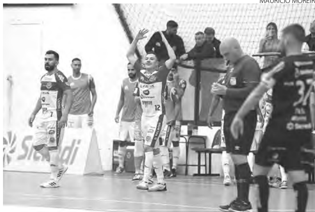
Após vencer o Blumenau pela Liga, o Pato Futsal enfrenta o Cascavel pelo Estadual
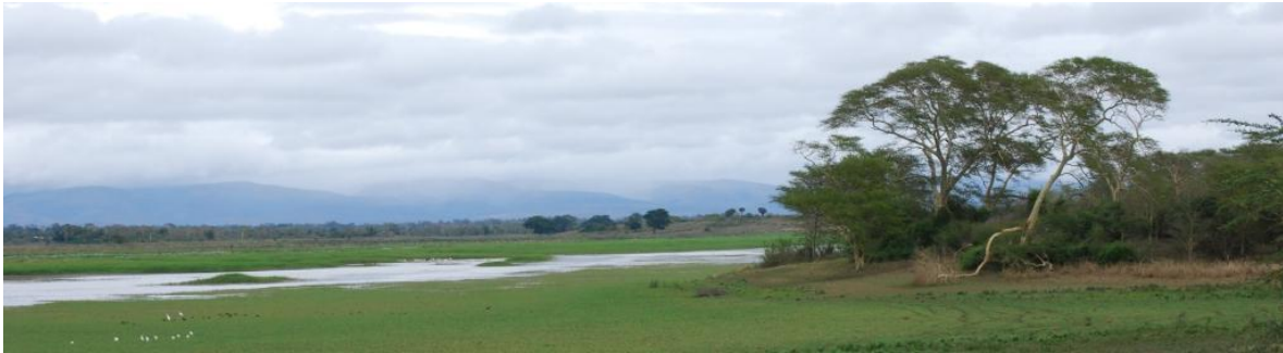
Tropiske våtmarker N i iSamangaliso Wetland Park, Kwa-zulu Natal (kan)

regntid. Vi blir mye i et fantastisk våtmarksområde på sørsiden av uMkhuze, samt spennende elveskogstrekninger med virkelig imponerende trær.
--
- ACTIVITY -
Everything in the listing above must be retyped exactly, except for the pictures.

- RESPONSE AREA -
Após vencer o Blumenau pela Liga, o Pato Futsal enfrenta o Cascavel pelo Estadual
Tropiske våtmarker N i iSamangaliso Wetland Park, Kwa-zulu Natal (kan)

regntid. Vi blir mye i et fantastisk våtmarksområde på sørsiden av uMkhuze, samt spennende elveskogstrekninger med virkelig imponerende trær.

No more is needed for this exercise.